This week on the startup to scaleup journey:
Challenge convention to improve funding outcomes
Conventional wisdom says that founders are born and not made. You either have what it takes or you don't. We are told that founders are driven first by a personal passion to pursue a market insight, then an innate capability to build a business around it. But Entrepreneur First (EF) has challenged this orthodoxy, turning this concept on its head. The team identifies individuals that are caught in careers where they can't optimise their outcomes. They are pursuing what EF co-founder Alice Bentinck calls "culturally approved career paths". They are "default employed" not "default founders" like they might be in Silicon Valley. In each year's cohort of hopefuls, EF enables such individuals - that give up their current jobs to join EF and pursue the founder path - to first team up with a co-founder from the same cohort.

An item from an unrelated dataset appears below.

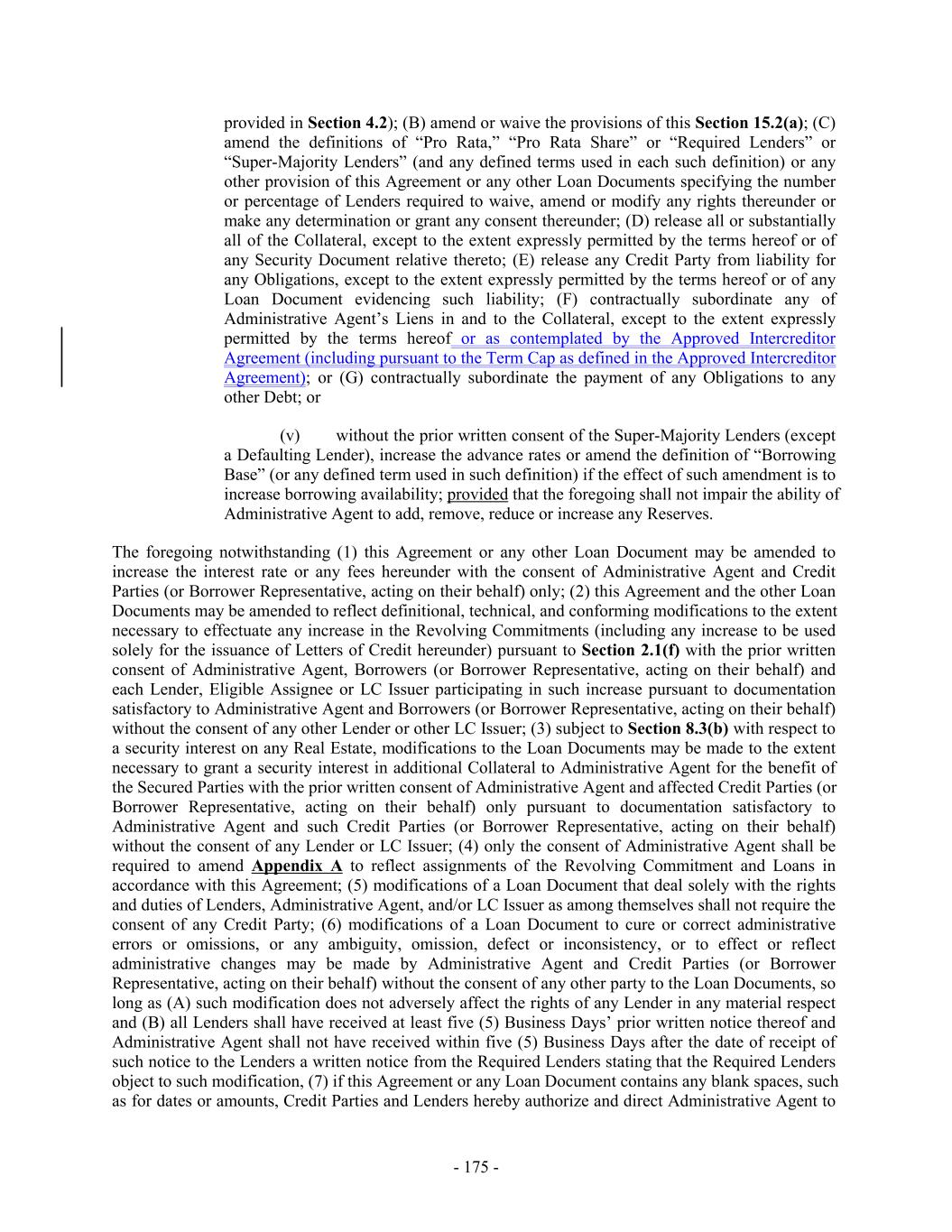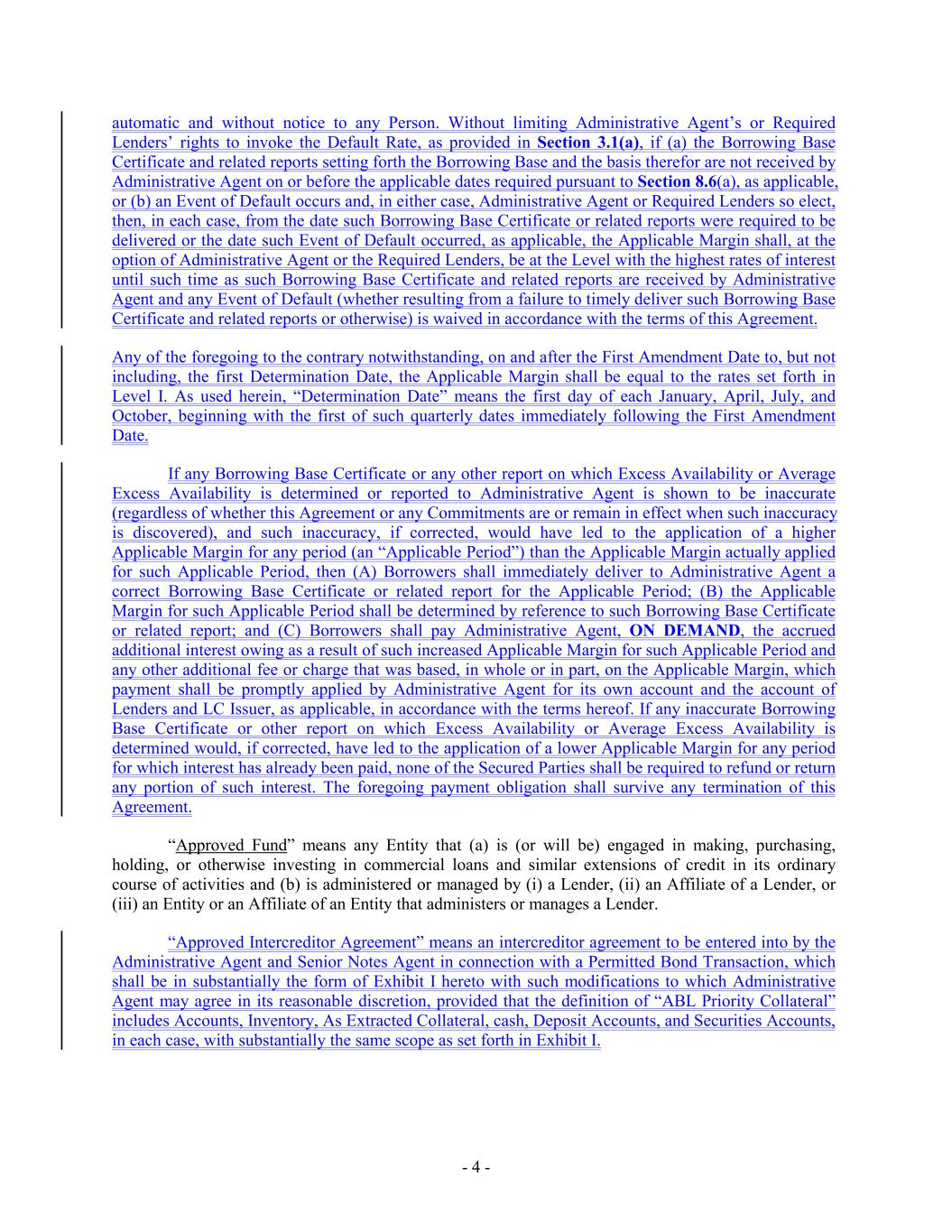 automatic and without notice to any Person. Without limiting Administrative Agent’s or Required Lenders’ rights to invoke the Default Rate, as provided in Section 3.1(a), if (a) the Borrowing Base Certificate and related reports setting forth the Borrowing Base and the basis therefor are not received by Administrative Agent on or before the applicable dates required pursuant to Section 8.6(a), as applicable, or (b) an Event of Default occurs and, in either case, Administrative Agent or Required Lenders so elect, then, in each case, from the date such Borrowing Base Certificate or related reports were required to be delivered or the date such Event of Default occurred, as applicable, the Applicable Margin shall, at the option of Administrative Agent or the Required Lenders, be at the Level with the highest rates of interest until such time as such Borrowing Base Certificate and related reports are received by Administrative Agent and any Event of Default (whether resulting from a failure to timely deliver such Borrowing Base Certificate and related reports or otherwise) is waived in accordance with the terms of this Agreement. Any of the foregoing to the contrary notwithstanding, on and after the First Amendment Date to, but not including, the first Determination Date, the Applicable Margin shall be equal to the rates set forth in Level I. As used herein, “Determination Date” means the first day of each January, April, July, and October, beginning with the first of such quarterly dates immediately following the First Amendment Date. If any Borrowing Base Certificate or any other report on which Excess Availability or Average Excess Availability is determined or reported to Administrative Agent is shown to be inaccurate (regardless of whether this Agreement or any Commitments are or remain in effect when such inaccuracy is discovered), and such inaccuracy, if corrected, would have led to the application of a higher Applicable Margin for any period (an “Applicable Period”) than the Applicable Margin actually applied for such Applicable Period, then (A) Borrowers shall immediately deliver to Administrative Agent a correct Borrowing Base Certificate or related report for the Applicable Period; (B) the Applicable Margin for such Applicable Period shall be determined by reference to such Borrowing Base Certificate or related report; and (C) Borrowers shall pay Administrative Agent, ON DEMAND, the accrued additional interest owing as a result of such increased Applicable Margin for such Applicable Period and any other additional fee or charge that was based, in whole or in part, on the Applicable Margin, which payment shall be promptly applied by Administrative Agent for its own account and the account of Lenders and LC Issuer, as applicable, in accordance with the terms hereof. If any inaccurate Borrowing Base Certificate or other report on which Excess Availability or Average Excess Availability is determined would, if corrected, have led to the application of a lower Applicable Margin for any period for which interest has already been paid, none of the Secured Parties shall be required to refund or return any portion of such interest. The foregoing payment obligation shall survive any termination of this Agreement. “Approved Fund” means any Entity that (a) is (or will be) engaged in making, purchasing, holding, or otherwise investing in commercial loans and similar extensions of credit in its ordinary course of activities and (b) is administered or managed by (i) a Lender, (ii) an Affiliate of a Lender, or (iii) an Entity or an Affiliate of an Entity that administers or manages a Lender. “Approved Intercreditor Agreement” means an intercreditor agreement to be entered into by the Administrative Agent and Senior Notes Agent in connection with a Permitted Bond Transaction, which shall be in substantially the form of Exhibit I hereto with such modifications to which Administrative Agent may agree in its reasonable discretion, provided that the definition of “ABL Priority Collateral” includes Accounts, Inventory, As Extracted Collateral, cash, Deposit Accounts, and Securities Accounts, in each case, with substantially the same scope as set forth in Exhibit I. - 4 -

Only then do they collaborate on an idea. After starting EF 10 years ago in London, over 3,000 entrepreneurs have now been backed by this "factory for founders". There are over 600 companies in the current portfolio, with a combined valuation of $8.5B.
The EF story resonates with some of the unintended consequences of the early days of US startup incubator, Y Combinator. Back in April 2005, Paul Graham and a group of friends decided to give some funding to a promising bunch of new startups. This was the initial experiment, with Graham and company looking to fund younger founders than most investors ever would. There were 227 applications. Graham said at the time, "We expected to divide them into two categories, promising and unpromising. But we soon saw we needed a third: promising people with unpromising ideas." The unexpected insight from the very first cohort was they were good at solving problems, but bad at choosing them - rather than the other way around. Graham claimed: "I'm convinced [this] is just the effect of training. Or more precisely, the effect of grading. To make grading efficient, everyone has to solve the same problem, and that means it has to be decided in advance. It would be great if schools taught students how to choose problems as well as how to solve them, but I don't know how you'd run such a class in practice." Perhaps this is the key to the EF recipe?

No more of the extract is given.